As you may have found out already, git show is a very versatile command. Try this:

BASH

$ git show nobel-2020

For more information about tags see for example the Pro Git book chapter on the subject.


Test your understanding

  1. Which of the following combos (one or more) creates a new branch and makes a commit to it?
    $ git branch new-branch
    $ git add file.txt
    $ git commit
    $ git add file.txt
    $ git branch new-branch
    $ git switch new-branch
    $ git commit
    $ git switch -c new-branch
    $ git add file.txt
    $ git commit
    $ git switch new-branch
    $ git add file.txt
    $ git commit
  2. What is a detached HEAD?
  3. What are orphaned commits?
  1. Both 2 and 3 would do the job. Note that in 2 we first stage the file, and then create the branch and commit to it. In 1 we create the branch but do not switch to it, while in 4 we don’t give the -c flag to git switch to create the new branch.
  2. When you check out a branch name, HEAD will point to the most recent commit of that branch. You can however check out a particular hash. This will bring your working directory back in time to that commit, and your HEAD will be pointing to that commit but it will not be attached to any branch. If you want to make commits in that state, you should instead create a new branch: git switch -c test-branch <hash>.
  3. An orphaned commit is a commit that does not belong to any branch, and therefore doesn’t have any parent commits. This could happen if you make a commit in a detached HEAD state. Commits rarely vanish in Git, and you could still find the orphaned commit using git reflog.

Key Points

  • A branch is a division unit of work, to be merged with other units of work.
  • A tag is a pointer to a moment in the history of a project.

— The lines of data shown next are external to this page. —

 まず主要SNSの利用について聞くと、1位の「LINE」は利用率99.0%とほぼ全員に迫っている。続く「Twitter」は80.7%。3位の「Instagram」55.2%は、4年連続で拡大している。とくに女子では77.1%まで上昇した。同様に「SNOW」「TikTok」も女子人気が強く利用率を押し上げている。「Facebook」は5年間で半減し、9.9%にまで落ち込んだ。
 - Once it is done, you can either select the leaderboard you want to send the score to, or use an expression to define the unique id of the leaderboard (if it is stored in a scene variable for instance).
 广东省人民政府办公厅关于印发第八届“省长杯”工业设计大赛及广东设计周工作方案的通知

Content from Conflict resolution


Last updated on 2024-07-31 | Edit this page

Overview

Questions

  • How can we resolve conflicts?
  • How can we avoid conflicts?

Objectives

  • Understand merge conflicts sufficiently well to be able to fix them.

Conflict resolution


In most cases a git merge runs smooth and automatic. Then a merge commit appears (unless fast-forward) without you even noticing.

Git is very good at resolving modifications when merging branches.

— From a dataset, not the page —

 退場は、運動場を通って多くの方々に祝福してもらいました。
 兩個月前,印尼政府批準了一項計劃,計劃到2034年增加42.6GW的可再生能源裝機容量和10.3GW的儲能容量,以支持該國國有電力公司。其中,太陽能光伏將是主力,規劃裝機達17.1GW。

But sometimes the same line or portion of the code/text is modified on two branches and Git issues a conflict. Then you need to tell Git which version to keep (resolve it).

There are several ways to do that as we will see.

Please remember:

  • Conflicts look scary, but are not that bad after a little bit of practice. Also they are luckily rare.
  • Don’t be afraid of Git because of conflicts. You may not meet some conflicts using other systems because you simply can’t do the kinds of things you do in Git.
  • You can take human measures to reduce them.

Type-along: create a conflict


We will make two branches, make two conflicting changes (both increase and decrease the amount of cilantro), and then try to merge them together. Git won’t decide which to take for you, so will present it to you for deciding. We do that and commit again to resolve the conflict.

  • Create two branches from main: one called like-cilantro, one called dislike-cilantro:
$ git graph

OUTPUT

*   4b3e3cc (HEAD -> main, like-cilantro, dislike-cilantro) Merge branch 'less-salt'
|\
| * bf59be6 reduce amount of salt
* |   80351a9 Merge branch 'experiment'
|\ \
| * | 6feb49d maybe little bit less cilantro
| * | 7cf6d8c let us try with some cilantro
| |/
* | 40fbb90 draft a readme
|/
* dd4472c we should not forget to enjoy
* 2bb9bb4 add half an onion
* 2d79e7e adding ingredients and instructions
  • On the two branches make different modifications to the amount of the same ingredient:
$ git graph

OUTPUT

* eee4b85 (dislike-cilantro) reduce cilantro to 0.5
| * 55d1ce2 (like-cilantro) please more cilantro
|/
*   4b3e3cc (HEAD -> main) Merge branch 'less-salt'
|\
| * bf59be6 reduce amount of salt
* |   80351a9 Merge branch 'experiment'
|\ \
| * | 6feb49d maybe little bit less cilantro
| * | 7cf6d8c let us try with some cilantro
| |/
* | 40fbb90 draft a readme
|/
* dd4472c we should not forget to enjoy
* 2bb9bb4 add half an onion
* 2d79e7e adding ingredients and instructions

On the branch like-cilantro we have the following change:

$ git diff main like-cilantro

OUTPUT

diff --git a/ingredients.txt b/ingredients.txt
index a83af39..83f2f94 100644
--- a/ingredients.txt
+++ b/ingredients.txt
@@ -1,4 +1,4 @@
-* 1 tbsp cilantro
+* 2 tbsp cilantro
 * 2 avocados
 * 1 lime
 * 1 tsp salt

And on the branch dislike-cilantro we have the following change:

$ git diff main dislike-cilantro

OUTPUT

diff --git a/ingredients.txt b/ingredients.txt
index a83af39..2f60e23 100644
--- a/ingredients.txt
+++ b/ingredients.txt
@@ -1,4 +1,4 @@
-* 1 tbsp cilantro
+* 0.5 tbsp cilantro
 * 2 avocados
 * 1 lime
 * 1 tsp salt

What do you expect will happen when we try to merge these two branches into main?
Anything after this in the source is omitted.